*WORK TASK*: A faithful copy of the listing below is needed, one that contains no pictures.

*DATA EXCERPT*:
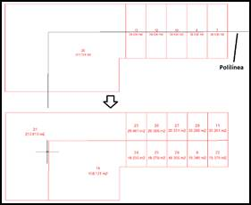 In the following image you can see how a set of plots are divided automatically from the intersecting polyline.
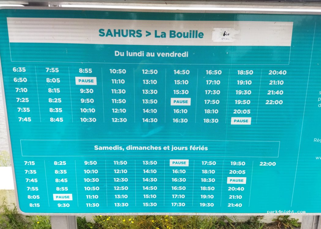 Parking sur herbe et gravier, sous les arbres, proche de l'embarcadère du bac permettant la traversée vers Bouille. En plus on profite d'une jolie vue sur ce village. Traversée très fréquente du bac et jusqu'assez tard dans la journée permettant la visite tranquille de ce joli petit bourg. Nuit tranquille.
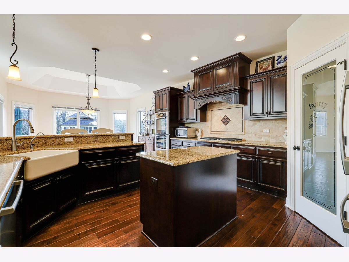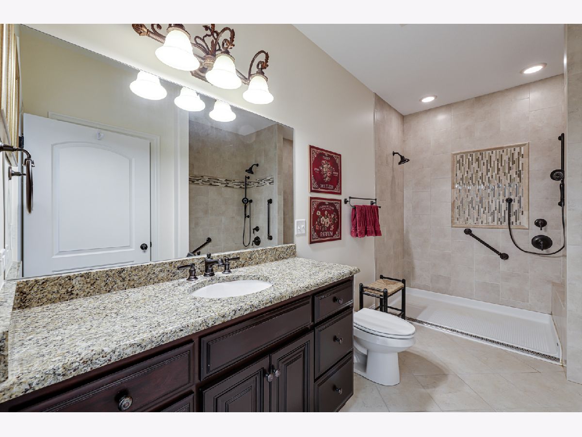 EXQUISITE DESIGN and CONSTRUCTION by RENOWNED Chicagoland custom home builder Shawn O'Malley. Wonderful curb appeal on this mostly brick and stone construction TRUE RANCH with large loft and full finished basement. Fine craftsmanship and woodwork throughout including custom crown molding, wainscotting and a SIMPLY GORGEOUS floor-to-ceiling custom wood fireplace mantel and surround. Formal dining room with coffered ceiling and beautiful custom woodwork throughout. Open concept kitchen/dining/living area with two story great room. The modern kitchen comes complete with custom cabinetry, granite counter tops, stainless steel appliances, custom range hood, custom pantry, island, breakfast bar seating and a GOREGEOUS ornate stone back splash. On the North wing of the home you will find an enormous owner's suite with seating area, walk-in closet and a spacious attached main bathroom with jetted tub, dual sink vanity and separate shower. On the other side of the main floor are two additional spacious bedrooms and another full bathroom with a no-threshold, accessible shower. In fact, the entire home was designed with ADA accessibility in mind including wider halls and doorways and a handicapped accessible ramp in the garage which can be removed if needed. Upstairs is an enormous loft with a large living space, full bathroom and an additional room with closet that could easily be used as a fourth bedroom. The wide-open, full finished basement has tons of space for relaxation and recreation. There are also two separate rooms that could be used as additional bedrooms, office space or storage. One is currently being used as a craft room. There is also ample storage and closet space in the basement. The private, backyard oasis is gorgeously landscaped with flowering perennials, stone patio and brick walkways, arbors, a side courtyard garden and a lovely 3-season, fully enclosed gazebo with stone fireplace. The entire yard is professionally landscaped and maintained with additional water spigots around the home for easy accessibility to water sources for the lush, flowering vegetation. All of this in a nice, quiet neighborhood within walking distance of the village library, village hall, sports fields, walking paths and the "Crown Jewel" of Homer Glen, the 300+ acre Heritage Park. This community park is the largest park in the village and includes paved walking/biking paths, tennis and pickleball courts, sand volleyball courts, an enormous sledding hill, soccer fields, a "Ninja Warrior" style fitness course, tons of open space and several other amenities soon to come including more playground equipment for all age levels, a splash pad/ice rink and an outdoor entertainment pavilion and village green. This is a rare opportunity to own a well-built, high quality, custom ranch home on a gorgeous lot, in a great neighborhood/location and this opportunity will not last long! Make your offer today before you miss out!

*REPLY TO THE TASK*:
 In the following image you can see how a set of plots are divided automatically from the intersecting polyline.
 Parking sur herbe et gravier, sous les arbres, proche de l'embarcadère du bac permettant la traversée vers Bouille. En plus on profite d'une jolie vue sur ce village. Traversée très fréquente du bac et jusqu'assez tard dans la journée permettant la visite tranquille de ce joli petit bourg. Nuit tranquille.
 EXQUISITE DESIGN and CONSTRUCTION by RENOWNED Chicagoland custom home builder Shawn O'Malley. Wonderful curb appeal on this mostly brick and stone construction TRUE RANCH with large loft and full finished basement. Fine craftsmanship and woodwork throughout including custom crown molding, wainscotting and a SIMPLY GORGEOUS floor-to-ceiling custom wood fireplace mantel and surround. Formal dining room with coffered ceiling and beautiful custom woodwork throughout. Open concept kitchen/dining/living area with two story great room. The modern kitchen comes complete with custom cabinetry, granite counter tops, stainless steel appliances, custom range hood, custom pantry, island, breakfast bar seating and a GOREGEOUS ornate stone back splash. On the North wing of the home you will find an enormous owner's suite with seating area, walk-in closet and a spacious attached main bathroom with jetted tub, dual sink vanity and separate shower. On the other side of the main floor are two additional spacious bedrooms and another full bathroom with a no-threshold, accessible shower. In fact, the entire home was designed with ADA accessibility in mind including wider halls and doorways and a handicapped accessible ramp in the garage which can be removed if needed. Upstairs is an enormous loft with a large living space, full bathroom and an additional room with closet that could easily be used as a fourth bedroom. The wide-open, full finished basement has tons of space for relaxation and recreation. There are also two separate rooms that could be used as additional bedrooms, office space or storage. One is currently being used as a craft room. There is also ample storage and closet space in the basement. The private, backyard oasis is gorgeously landscaped with flowering perennials, stone patio and brick walkways, arbors, a side courtyard garden and a lovely 3-season, fully enclosed gazebo with stone fireplace. The entire yard is professionally landscaped and maintained with additional water spigots around the home for easy accessibility to water sources for the lush, flowering vegetation. All of this in a nice, quiet neighborhood within walking distance of the village library, village hall, sports fields, walking paths and the "Crown Jewel" of Homer Glen, the 300+ acre Heritage Park. This community park is the largest park in the village and includes paved walking/biking paths, tennis and pickleball courts, sand volleyball courts, an enormous sledding hill, soccer fields, a "Ninja Warrior" style fitness course, tons of open space and several other amenities soon to come including more playground equipment for all age levels, a splash pad/ice rink and an outdoor entertainment pavilion and village green. This is a rare opportunity to own a well-built, high quality, custom ranch home on a gorgeous lot, in a great neighborhood/location and this opportunity will not last long! Make your offer today before you miss out!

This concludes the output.